▶ [Aim of the task]
Only the lines below starting at the one containing "员工第二党支部书记、辅导员老" and ending at the one containing "Salmi-seuran talkoolaiset uurastivat" belong in the answer, each copied exactly.

▶ [Data shown]
=== Section Start ===
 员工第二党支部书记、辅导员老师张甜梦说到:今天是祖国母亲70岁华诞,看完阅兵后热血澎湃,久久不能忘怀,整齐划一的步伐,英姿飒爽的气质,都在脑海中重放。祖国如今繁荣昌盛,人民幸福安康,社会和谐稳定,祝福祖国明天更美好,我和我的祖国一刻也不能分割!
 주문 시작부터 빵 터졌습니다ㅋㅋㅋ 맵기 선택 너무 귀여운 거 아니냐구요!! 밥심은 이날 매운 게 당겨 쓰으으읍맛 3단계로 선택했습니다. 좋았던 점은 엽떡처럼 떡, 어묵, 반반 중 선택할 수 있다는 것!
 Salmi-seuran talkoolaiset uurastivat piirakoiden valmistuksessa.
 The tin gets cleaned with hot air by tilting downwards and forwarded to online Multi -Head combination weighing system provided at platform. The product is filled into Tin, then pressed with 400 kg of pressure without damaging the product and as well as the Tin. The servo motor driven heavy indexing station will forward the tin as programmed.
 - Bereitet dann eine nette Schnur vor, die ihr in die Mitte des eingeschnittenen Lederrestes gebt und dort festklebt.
=== Section End ===
=== Section Start ===
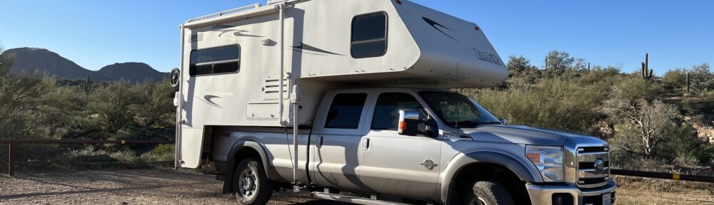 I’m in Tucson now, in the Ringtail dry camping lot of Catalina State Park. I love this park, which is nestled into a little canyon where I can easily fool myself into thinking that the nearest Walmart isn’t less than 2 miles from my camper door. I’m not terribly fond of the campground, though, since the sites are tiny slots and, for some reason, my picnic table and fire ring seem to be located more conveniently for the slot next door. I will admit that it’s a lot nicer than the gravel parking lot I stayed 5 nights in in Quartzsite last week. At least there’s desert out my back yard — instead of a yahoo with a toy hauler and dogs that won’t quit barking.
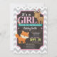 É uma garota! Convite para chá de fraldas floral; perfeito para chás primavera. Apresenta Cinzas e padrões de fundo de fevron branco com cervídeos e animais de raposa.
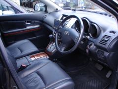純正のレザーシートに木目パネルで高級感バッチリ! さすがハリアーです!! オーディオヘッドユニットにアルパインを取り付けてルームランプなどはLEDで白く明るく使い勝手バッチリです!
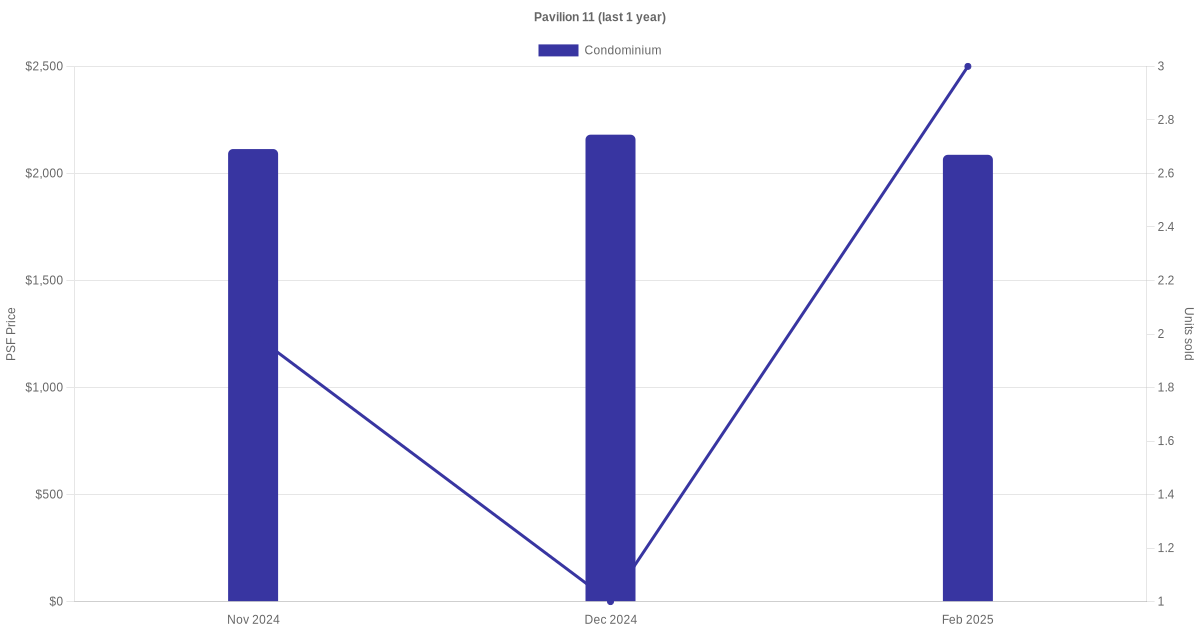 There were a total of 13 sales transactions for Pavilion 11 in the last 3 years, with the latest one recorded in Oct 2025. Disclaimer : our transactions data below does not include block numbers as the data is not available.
=== Section End ===
▶ [Written reply]
 员工第二党支部书记、辅导员老师张甜梦说到:今天是祖国母亲70岁华诞,看完阅兵后热血澎湃,久久不能忘怀,整齐划一的步伐,英姿飒爽的气质,都在脑海中重放。祖国如今繁荣昌盛,人民幸福安康,社会和谐稳定,祝福祖国明天更美好,我和我的祖国一刻也不能分割!
 주문 시작부터 빵 터졌습니다ㅋㅋㅋ 맵기 선택 너무 귀여운 거 아니냐구요!! 밥심은 이날 매운 게 당겨 쓰으으읍맛 3단계로 선택했습니다. 좋았던 점은 엽떡처럼 떡, 어묵, 반반 중 선택할 수 있다는 것!
 Salmi-seuran talkoolaiset uurastivat piirakoiden valmistuksessa.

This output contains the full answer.